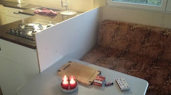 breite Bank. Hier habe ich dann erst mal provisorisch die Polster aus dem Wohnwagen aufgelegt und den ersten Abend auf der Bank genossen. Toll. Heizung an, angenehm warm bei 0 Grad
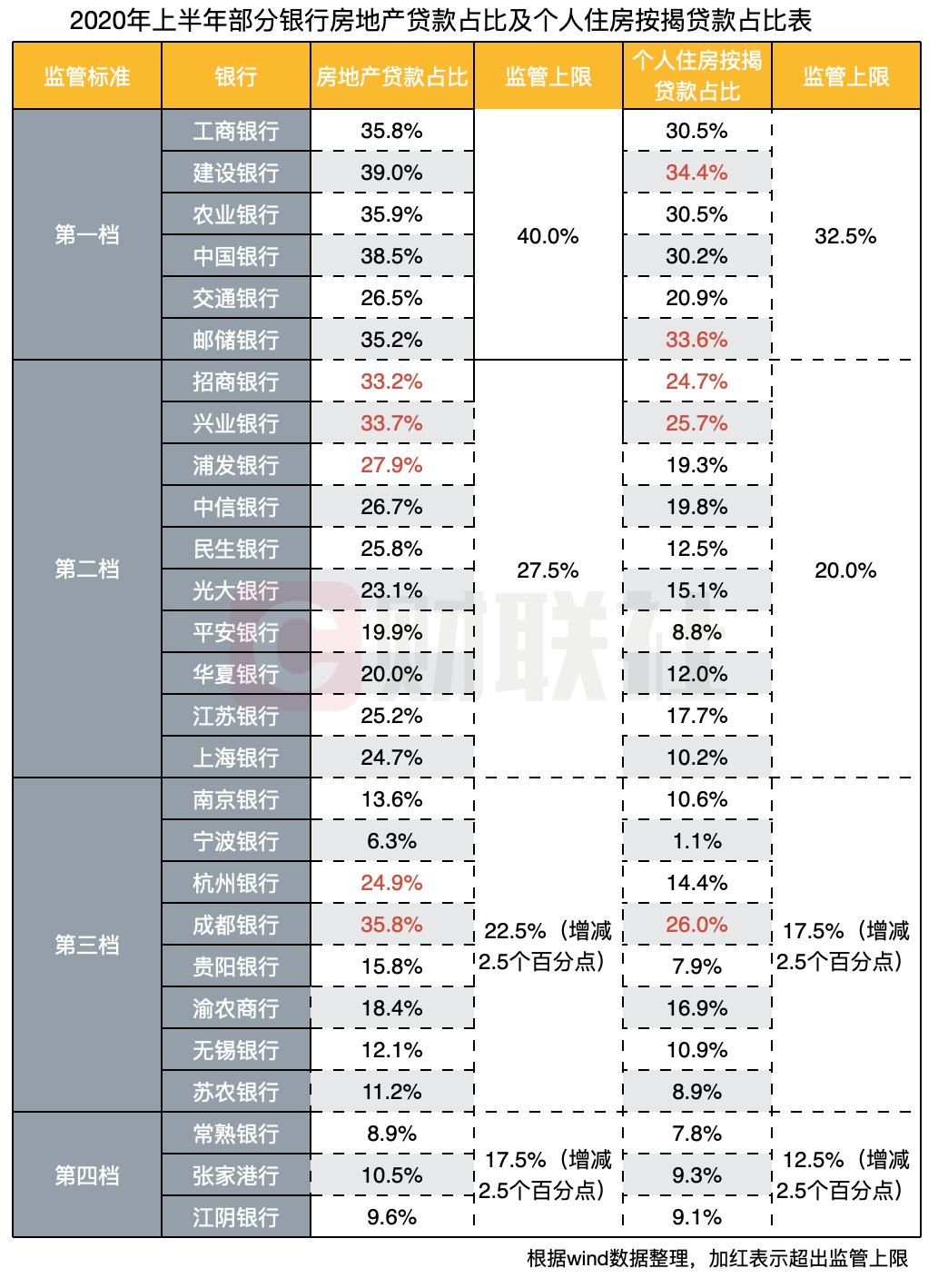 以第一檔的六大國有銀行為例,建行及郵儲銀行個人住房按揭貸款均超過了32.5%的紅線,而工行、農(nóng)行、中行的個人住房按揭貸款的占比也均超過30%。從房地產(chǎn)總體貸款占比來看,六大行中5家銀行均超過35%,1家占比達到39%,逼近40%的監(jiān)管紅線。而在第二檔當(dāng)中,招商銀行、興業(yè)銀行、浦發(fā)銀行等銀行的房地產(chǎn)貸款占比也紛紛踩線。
• • • • •
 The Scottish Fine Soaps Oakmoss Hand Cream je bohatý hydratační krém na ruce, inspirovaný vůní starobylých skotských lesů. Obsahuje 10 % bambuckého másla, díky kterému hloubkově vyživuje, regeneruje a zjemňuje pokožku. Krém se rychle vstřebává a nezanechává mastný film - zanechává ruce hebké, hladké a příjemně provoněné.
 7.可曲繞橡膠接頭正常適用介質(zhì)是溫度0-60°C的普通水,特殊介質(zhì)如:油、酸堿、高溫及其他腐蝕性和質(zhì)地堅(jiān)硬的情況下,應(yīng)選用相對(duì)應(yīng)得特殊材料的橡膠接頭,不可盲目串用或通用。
• • • • •
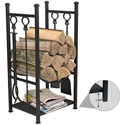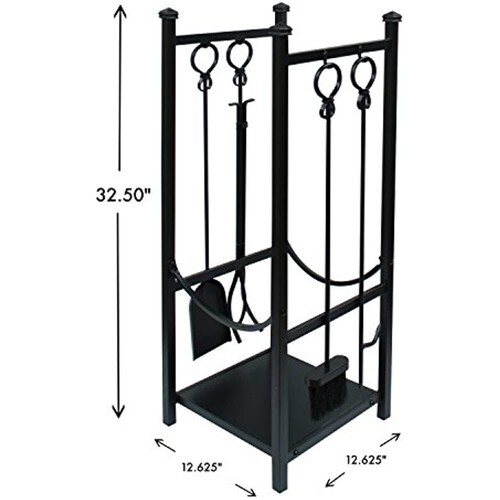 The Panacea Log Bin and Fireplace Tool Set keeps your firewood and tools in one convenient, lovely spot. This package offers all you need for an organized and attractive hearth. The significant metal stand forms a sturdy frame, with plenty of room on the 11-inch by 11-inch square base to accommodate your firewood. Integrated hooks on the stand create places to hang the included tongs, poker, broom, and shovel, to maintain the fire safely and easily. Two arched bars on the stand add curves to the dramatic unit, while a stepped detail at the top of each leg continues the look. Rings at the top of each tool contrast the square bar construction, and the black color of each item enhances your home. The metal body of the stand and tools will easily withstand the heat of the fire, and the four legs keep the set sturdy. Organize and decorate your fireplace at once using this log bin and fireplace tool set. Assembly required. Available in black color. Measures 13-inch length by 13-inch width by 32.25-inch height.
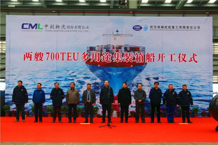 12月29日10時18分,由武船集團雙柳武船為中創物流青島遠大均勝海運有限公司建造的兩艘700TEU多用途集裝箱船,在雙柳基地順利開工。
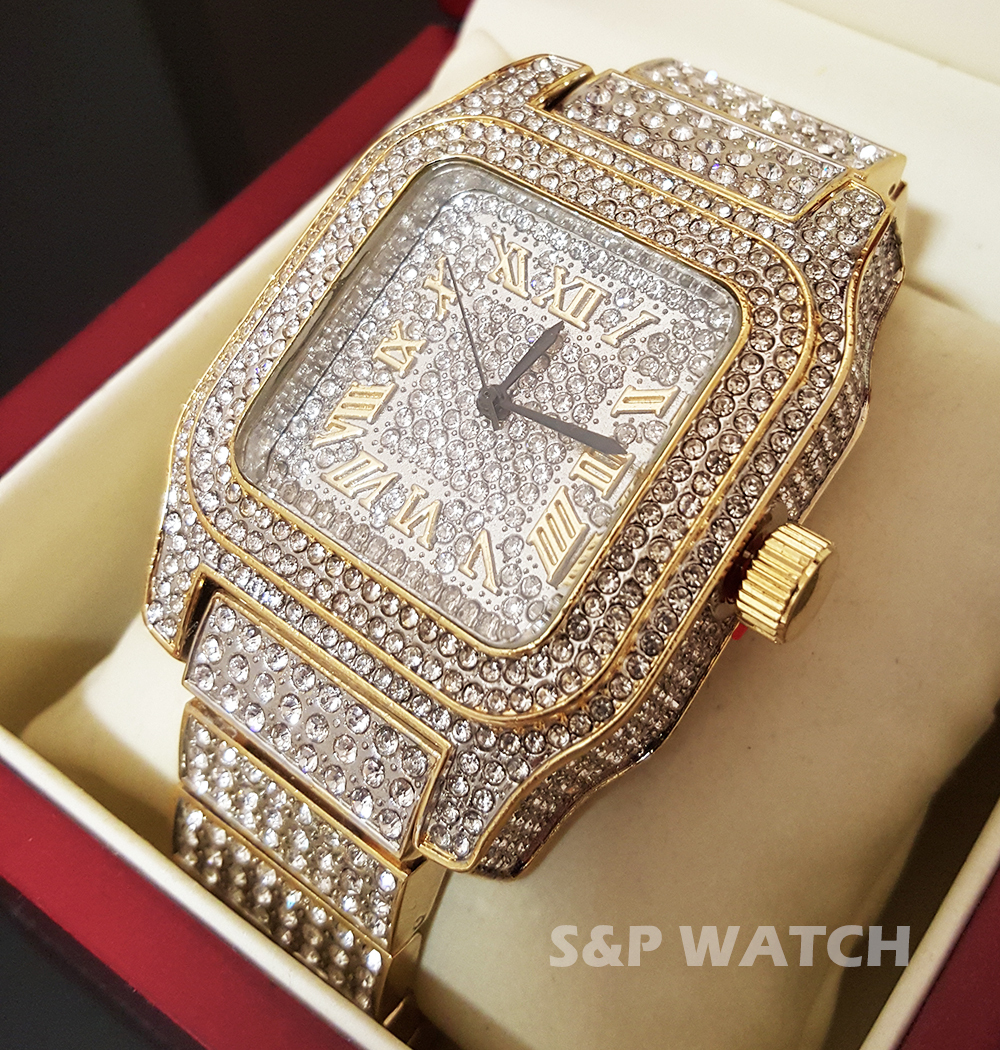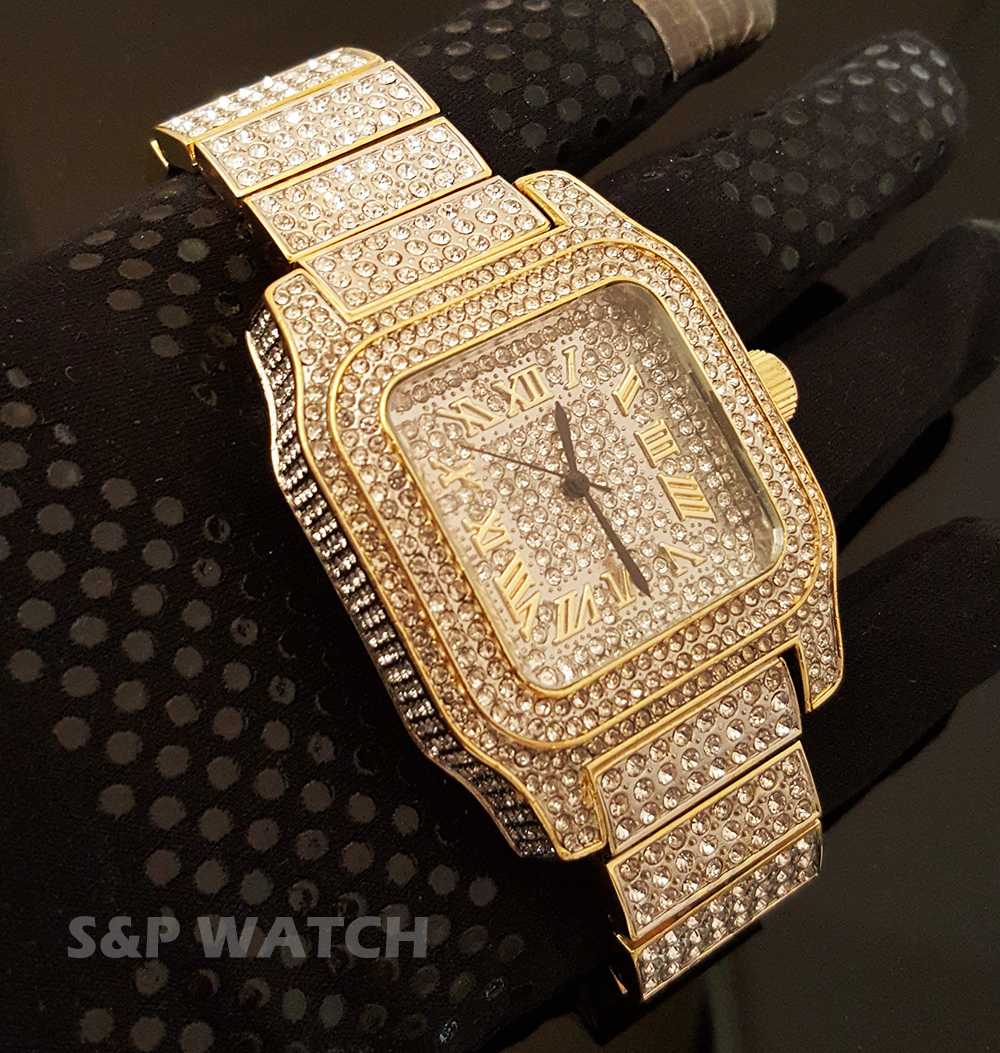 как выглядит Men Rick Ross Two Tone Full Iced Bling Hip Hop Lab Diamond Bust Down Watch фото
• • • • •
Every line above in the stretch from the one with "12月29日10時18分,由" through the one with "как выглядит Men" is to be transcribed exactly, ends included. No picture is copied.

 12月29日10時18分,由武船集團雙柳武船為中創物流青島遠大均勝海運有限公司建造的兩艘700TEU多用途集裝箱船,在雙柳基地順利開工。
 как выглядит Men Rick Ross Two Tone Full Iced Bling Hip Hop Lab Diamond Bust Down Watch фото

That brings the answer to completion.